What ESOP Valuation Actually Means
ESOP valuation establishes the fair market value (FMV) of an underlying share for two distinct purposes: setting the exercise price at grant (so options remain incentivising and tax-efficient) and computing the perquisite value at exercise (the difference between FMV at exercise and exercise price is taxable as salary income).
Regulatory Framework in India
- Companies Act, 2013 — Section 62, Rule 12 of Companies (Share Capital and Debentures) Rules
- Income Tax Act — Section 17(2)(vi), Rule 3(8) for FMV at exercise
- Rule 11UA — valuation methodology for unquoted shares
- SEBI SBEB Regulations — for listed companies
- Ind AS 102 — share-based payment accounting for financial reporting
Who Can Value ESOPs?
For unlisted Indian companies, only a Category I Merchant Banker registered with SEBI or an IBBI Registered Valuer (Securities or Financial Assets) can issue the FMV report under Rule 11UA for tax purposes.
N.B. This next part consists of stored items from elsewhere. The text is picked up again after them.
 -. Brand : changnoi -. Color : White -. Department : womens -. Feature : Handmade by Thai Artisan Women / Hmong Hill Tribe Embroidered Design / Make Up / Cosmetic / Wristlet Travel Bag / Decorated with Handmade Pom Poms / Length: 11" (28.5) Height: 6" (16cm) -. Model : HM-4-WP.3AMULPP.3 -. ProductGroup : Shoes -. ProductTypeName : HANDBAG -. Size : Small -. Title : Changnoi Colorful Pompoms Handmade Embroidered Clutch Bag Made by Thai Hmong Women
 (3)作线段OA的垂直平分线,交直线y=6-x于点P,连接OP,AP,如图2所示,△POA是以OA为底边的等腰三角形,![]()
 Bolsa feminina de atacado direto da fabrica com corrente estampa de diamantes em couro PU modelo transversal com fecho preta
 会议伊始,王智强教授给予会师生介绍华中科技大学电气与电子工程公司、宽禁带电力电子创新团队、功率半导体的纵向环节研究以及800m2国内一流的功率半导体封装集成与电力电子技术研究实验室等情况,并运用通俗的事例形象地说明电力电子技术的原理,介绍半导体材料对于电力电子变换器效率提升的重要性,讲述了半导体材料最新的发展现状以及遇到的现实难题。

Internal estimates or generic CA letters do not meet the statutory bar; relying on them risks tax additions for the company and the employee.
Common Valuation Methods Used
The choice of method depends on company stage and information availability. The Discounted Cash Flow (DCF) method dominates for revenue-stage startups; Net Asset Value (NAV) applies to early or asset-heavy entities; comparable company multiples are used as cross-checks. For listed parent groups, market price is the anchor. Many valuers triangulate two or three methods to defend the final FMV.
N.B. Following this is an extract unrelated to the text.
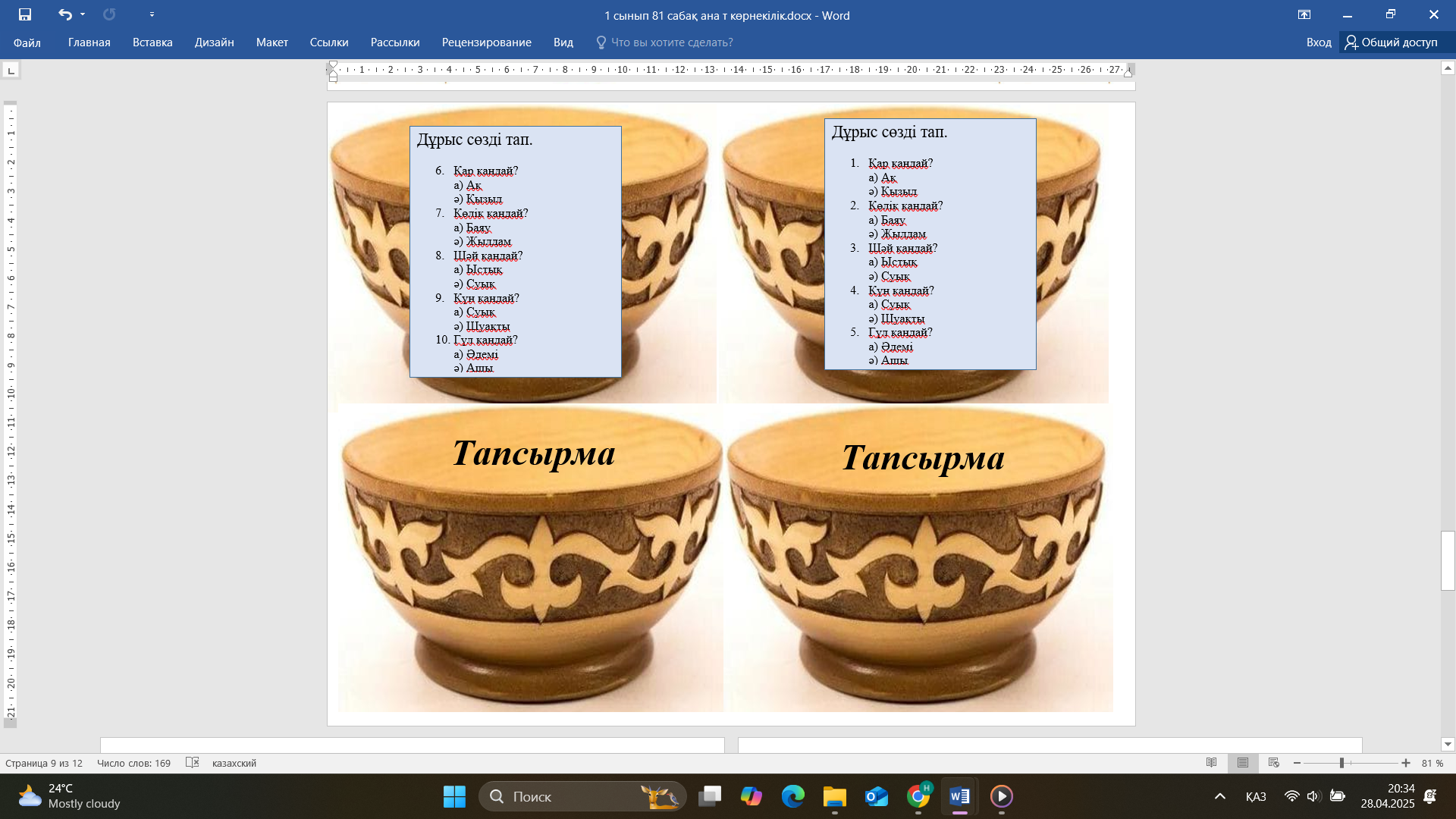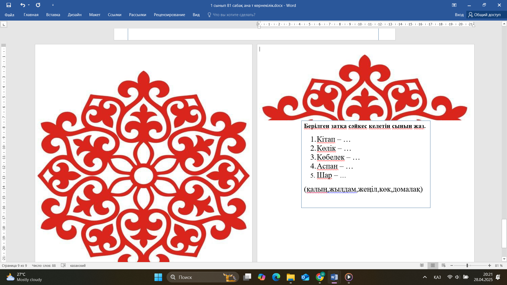 81-сабақ. Заттың сынын білдіретін сөздер.Мұғалім |

Why Valuation Matters at Both Grant and Exercise
At grant, an under-priced exercise creates tax exposure as a deemed perquisite; an over-priced exercise demotivates employees. At exercise, FMV determines the perquisite tax payable by the employee. For DPIIT-recognised eligible startups, the perquisite tax is deferred under Section 17(2)(vi) read with relevant Finance Act provisions — but the FMV computation itself remains mandatory and must be auditable.
Cross-Border ESOPs and FEMA
Issuing ESOPs to non-resident employees brings FEMA, RBI reporting (FC-GPR), and potential tax-residence complications into scope. Issuing ESOPs of a foreign parent to Indian employees requires LRS-aligned planning. Treat cross-border ESOPs as a specialist workstream — generic templates fail diligence.
Conclusion
ESOP valuation is where talent strategy, tax law, and corporate governance meet. Use a SEBI-registered Category I Merchant Banker or IBBI Registered Valuer, pick defensible methods, refresh valuations at each material event, and document everything. Get this right and ESOPs become the talent magnet they were designed to be.